====== ENTRIES PROVIDED ======

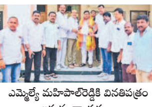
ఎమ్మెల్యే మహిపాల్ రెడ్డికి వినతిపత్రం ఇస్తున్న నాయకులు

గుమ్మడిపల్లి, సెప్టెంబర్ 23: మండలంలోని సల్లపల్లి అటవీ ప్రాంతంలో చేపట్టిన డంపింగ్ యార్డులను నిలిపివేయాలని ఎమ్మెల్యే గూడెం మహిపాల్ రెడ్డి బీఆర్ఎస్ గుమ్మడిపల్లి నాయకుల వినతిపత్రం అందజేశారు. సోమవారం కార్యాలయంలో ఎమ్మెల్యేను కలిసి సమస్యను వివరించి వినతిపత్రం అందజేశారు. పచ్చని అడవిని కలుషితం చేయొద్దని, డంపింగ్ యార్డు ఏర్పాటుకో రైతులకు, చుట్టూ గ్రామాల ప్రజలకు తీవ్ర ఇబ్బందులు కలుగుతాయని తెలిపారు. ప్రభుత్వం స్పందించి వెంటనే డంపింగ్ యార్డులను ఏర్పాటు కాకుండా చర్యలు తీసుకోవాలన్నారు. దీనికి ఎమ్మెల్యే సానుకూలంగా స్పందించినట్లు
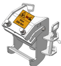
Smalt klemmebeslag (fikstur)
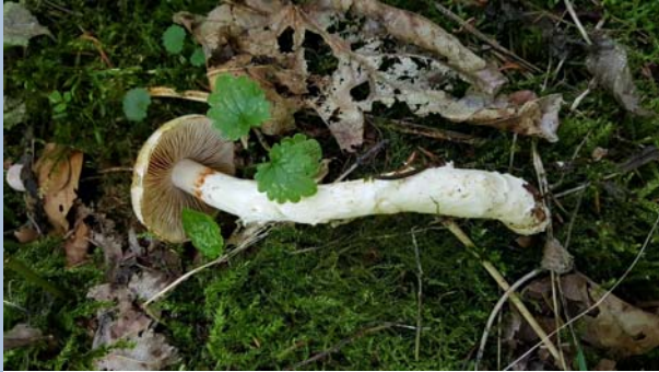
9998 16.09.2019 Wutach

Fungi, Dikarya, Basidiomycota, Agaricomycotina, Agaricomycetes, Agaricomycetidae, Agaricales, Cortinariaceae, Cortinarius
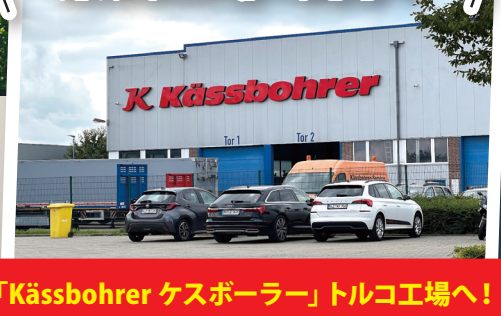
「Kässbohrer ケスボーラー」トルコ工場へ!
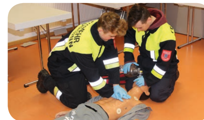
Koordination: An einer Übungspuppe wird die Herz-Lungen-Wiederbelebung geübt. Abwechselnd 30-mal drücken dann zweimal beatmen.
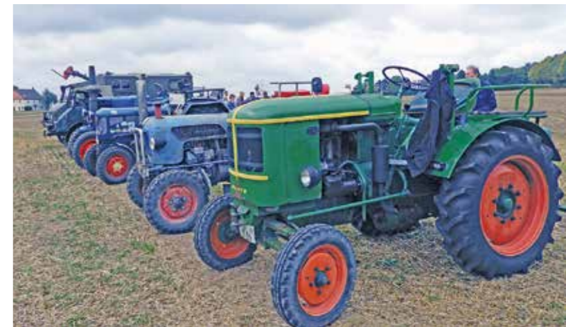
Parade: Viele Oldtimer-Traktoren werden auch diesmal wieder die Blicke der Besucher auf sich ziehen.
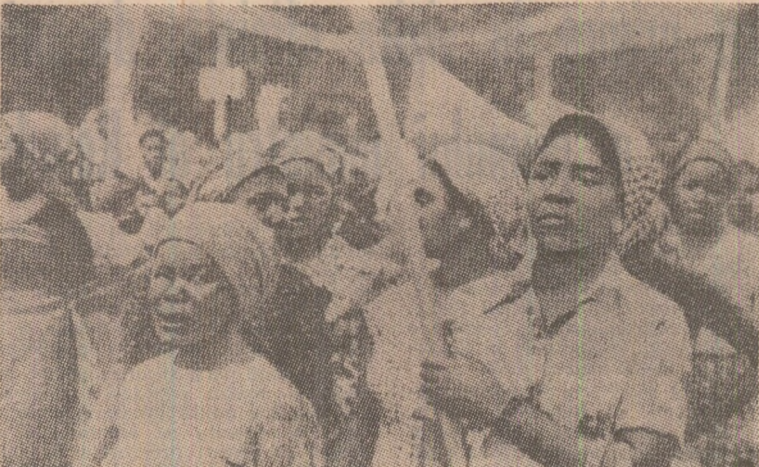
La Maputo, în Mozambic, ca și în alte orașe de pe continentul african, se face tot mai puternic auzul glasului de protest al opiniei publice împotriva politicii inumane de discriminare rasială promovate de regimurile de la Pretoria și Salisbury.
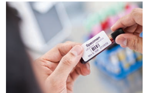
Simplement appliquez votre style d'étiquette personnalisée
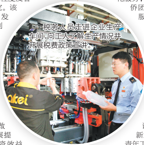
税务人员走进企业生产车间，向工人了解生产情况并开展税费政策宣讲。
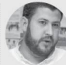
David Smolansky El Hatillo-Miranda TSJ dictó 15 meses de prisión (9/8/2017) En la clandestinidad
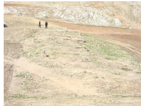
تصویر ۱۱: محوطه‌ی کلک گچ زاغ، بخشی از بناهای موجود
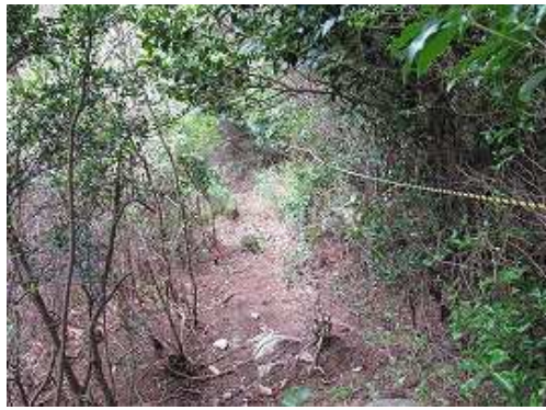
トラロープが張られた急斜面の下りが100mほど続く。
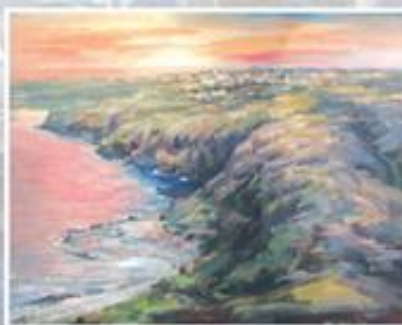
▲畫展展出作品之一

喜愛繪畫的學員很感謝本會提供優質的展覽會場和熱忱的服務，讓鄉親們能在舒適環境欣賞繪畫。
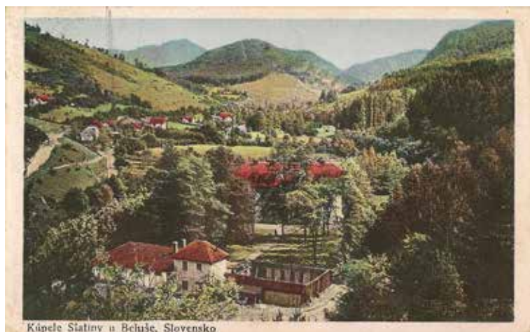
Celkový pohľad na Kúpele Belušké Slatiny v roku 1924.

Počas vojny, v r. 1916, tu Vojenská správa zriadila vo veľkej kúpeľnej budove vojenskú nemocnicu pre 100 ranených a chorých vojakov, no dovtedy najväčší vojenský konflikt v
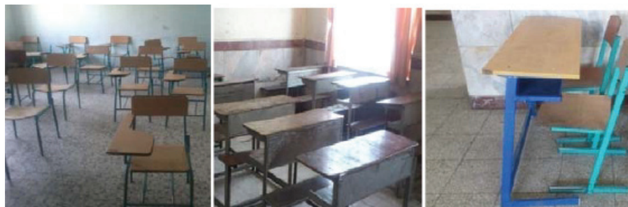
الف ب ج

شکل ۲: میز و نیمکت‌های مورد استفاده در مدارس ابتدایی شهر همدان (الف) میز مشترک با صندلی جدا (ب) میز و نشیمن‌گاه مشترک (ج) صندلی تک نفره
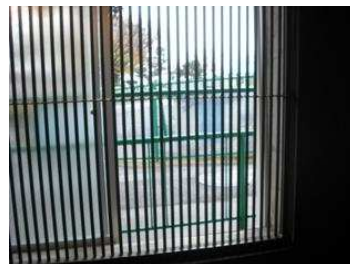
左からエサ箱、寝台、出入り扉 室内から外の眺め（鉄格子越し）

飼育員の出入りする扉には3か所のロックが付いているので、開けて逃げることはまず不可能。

======
====== ENTRIES PROVIDED ======

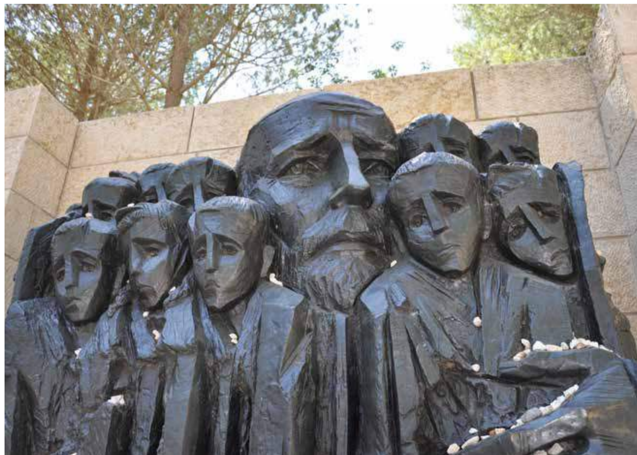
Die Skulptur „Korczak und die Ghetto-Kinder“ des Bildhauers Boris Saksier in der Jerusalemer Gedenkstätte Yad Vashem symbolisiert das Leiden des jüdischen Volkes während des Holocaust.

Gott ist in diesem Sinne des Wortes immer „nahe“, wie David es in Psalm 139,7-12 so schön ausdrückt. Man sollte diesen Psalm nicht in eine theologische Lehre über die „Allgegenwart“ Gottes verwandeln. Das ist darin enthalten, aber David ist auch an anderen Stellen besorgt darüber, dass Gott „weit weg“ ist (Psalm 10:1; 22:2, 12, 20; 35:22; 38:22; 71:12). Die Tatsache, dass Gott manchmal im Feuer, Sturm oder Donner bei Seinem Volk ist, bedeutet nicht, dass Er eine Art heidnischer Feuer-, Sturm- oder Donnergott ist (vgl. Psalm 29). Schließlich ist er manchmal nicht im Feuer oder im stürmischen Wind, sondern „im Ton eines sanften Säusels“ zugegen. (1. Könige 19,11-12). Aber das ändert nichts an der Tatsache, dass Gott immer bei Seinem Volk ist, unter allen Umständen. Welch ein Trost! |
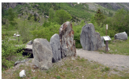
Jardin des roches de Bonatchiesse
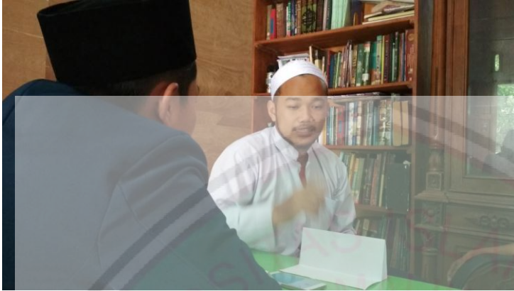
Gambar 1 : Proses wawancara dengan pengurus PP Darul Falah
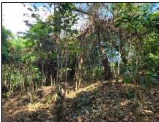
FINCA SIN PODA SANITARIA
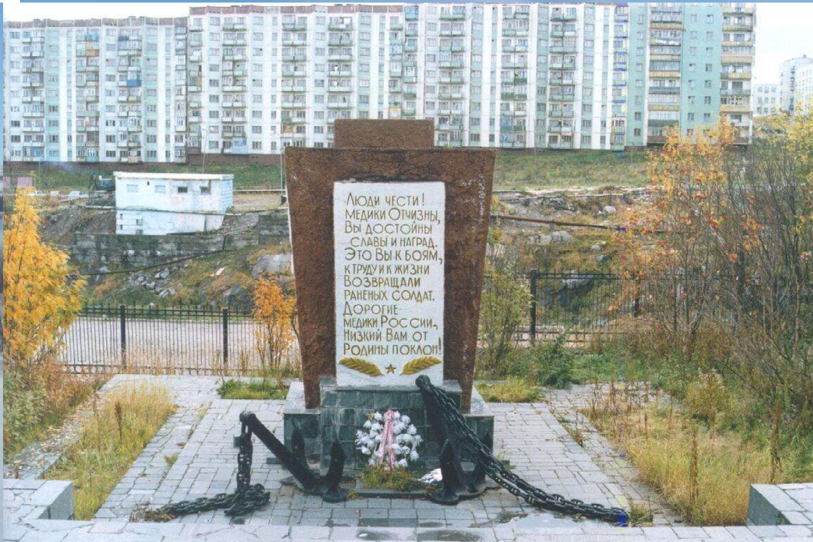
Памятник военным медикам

======
====== ENTRIES PROVIDED ======

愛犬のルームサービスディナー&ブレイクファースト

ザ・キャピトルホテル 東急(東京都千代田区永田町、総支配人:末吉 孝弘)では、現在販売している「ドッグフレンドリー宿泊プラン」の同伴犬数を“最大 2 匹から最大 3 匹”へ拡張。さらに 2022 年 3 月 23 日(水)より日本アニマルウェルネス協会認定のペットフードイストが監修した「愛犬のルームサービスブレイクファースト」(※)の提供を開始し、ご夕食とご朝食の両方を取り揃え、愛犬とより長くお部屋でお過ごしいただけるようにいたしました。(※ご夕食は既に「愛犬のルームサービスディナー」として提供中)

======

Pictures excluded, transcribe the listing above exactly from the line with "トラロープが張られた急斜面の下りが100mほど続く。" through the line with "飼育員の出入りする扉には3か", and no further.

◆ **ANSWER SECTION**
トラロープが張られた急斜面の下りが100mほど続く。
▲畫展展出作品之一

喜愛繪畫的學員很感謝本會提供優質的展覽會場和熱忱的服務，讓鄉親們能在舒適環境欣賞繪畫。
Celkový pohľad na Kúpele Belušké Slatiny v roku 1924.

Počas vojny, v r. 1916, tu Vojenská správa zriadila vo veľkej kúpeľnej budove vojenskú nemocnicu pre 100 ranených a chorých vojakov, no dovtedy najväčší vojenský konflikt v
الف ب ج

شکل ۲: میز و نیمکت‌های مورد استفاده در مدارس ابتدایی شهر همدان (الف) میز مشترک با صندلی جدا (ب) میز و نشیمن‌گاه مشترک (ج) صندلی تک نفره
左からエサ箱、寝台、出入り扉 室内から外の眺め（鉄格子越し）

飼育員の出入りする扉には3か所のロックが付いているので、開けて逃げることはまず不可能。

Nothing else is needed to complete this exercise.